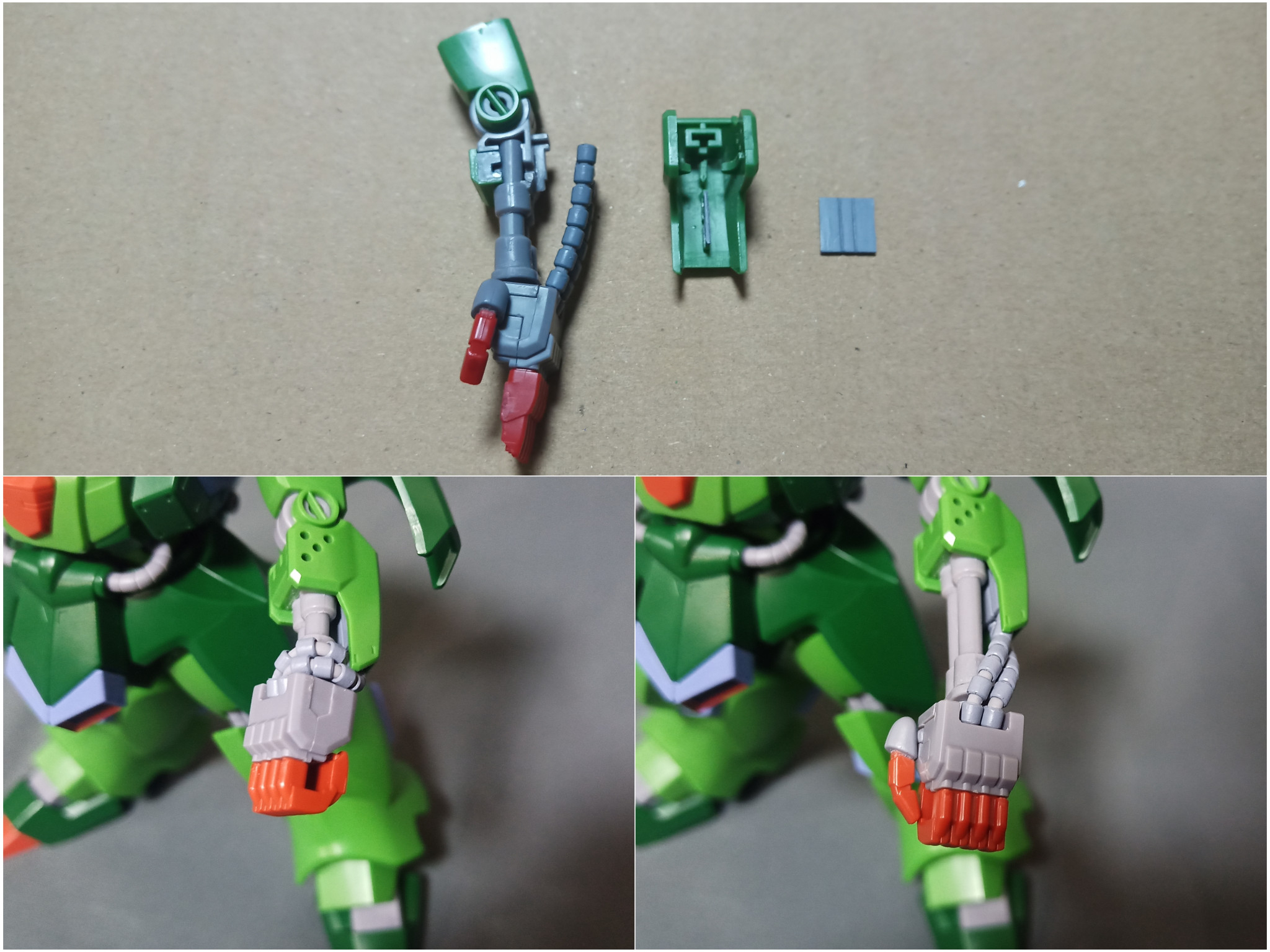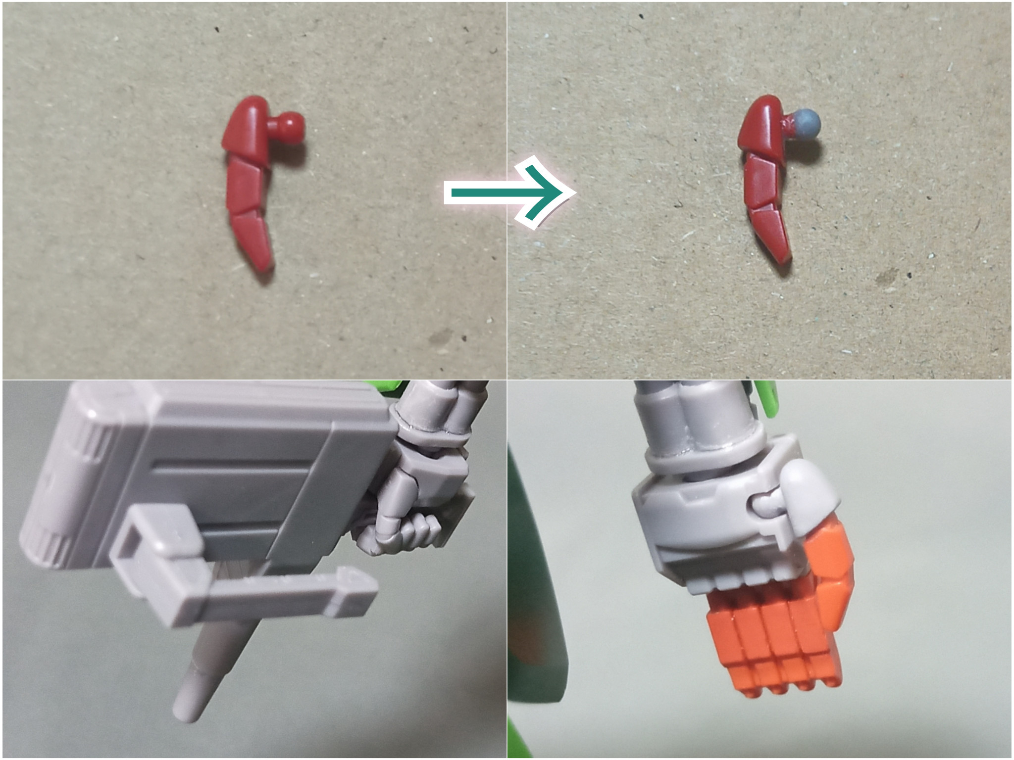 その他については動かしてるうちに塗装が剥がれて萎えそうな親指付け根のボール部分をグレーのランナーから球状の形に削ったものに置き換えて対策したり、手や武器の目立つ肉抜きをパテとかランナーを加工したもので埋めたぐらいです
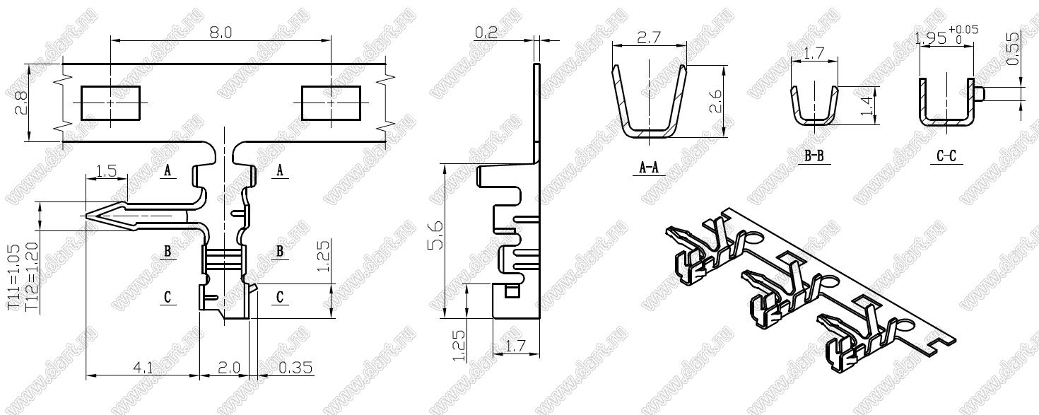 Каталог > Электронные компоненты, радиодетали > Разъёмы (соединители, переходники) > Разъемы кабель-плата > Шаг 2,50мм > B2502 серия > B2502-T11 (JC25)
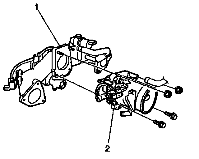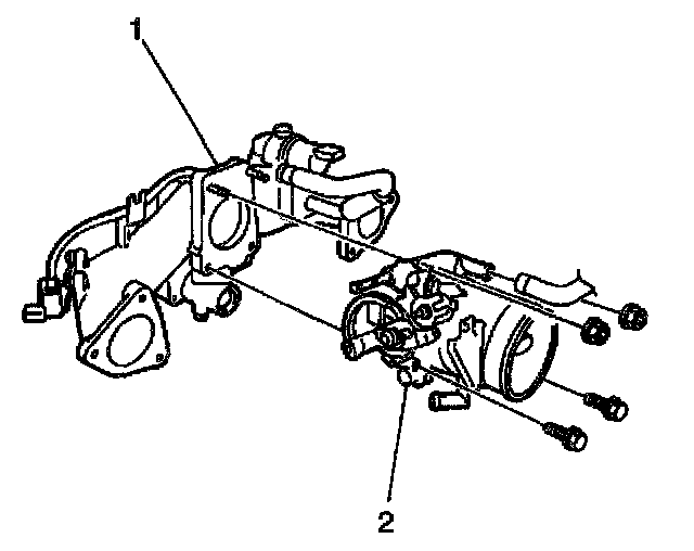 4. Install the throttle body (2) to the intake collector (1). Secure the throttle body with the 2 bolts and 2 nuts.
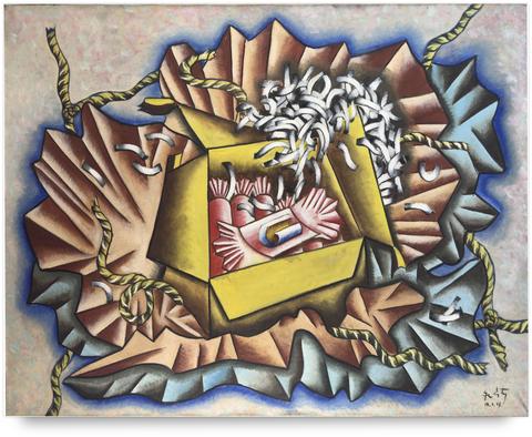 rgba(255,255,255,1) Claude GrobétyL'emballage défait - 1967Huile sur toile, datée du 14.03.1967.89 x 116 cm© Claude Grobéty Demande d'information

DIRECTIONS FOR THIS TASK: An unchanged copy of the listing, with no pictures, should be returned.

EXERCISE OUTPUT:
 その他については動かしてるうちに塗装が剥がれて萎えそうな親指付け根のボール部分をグレーのランナーから球状の形に削ったものに置き換えて対策したり、手や武器の目立つ肉抜きをパテとかランナーを加工したもので埋めたぐらいです
 Каталог > Электронные компоненты, радиодетали > Разъёмы (соединители, переходники) > Разъемы кабель-плата > Шаг 2,50мм > B2502 серия > B2502-T11 (JC25)
 4. Install the throttle body (2) to the intake collector (1). Secure the throttle body with the 2 bolts and 2 nuts.
 rgba(255,255,255,1) Claude GrobétyL'emballage défait - 1967Huile sur toile, datée du 14.03.1967.89 x 116 cm© Claude Grobéty Demande d'information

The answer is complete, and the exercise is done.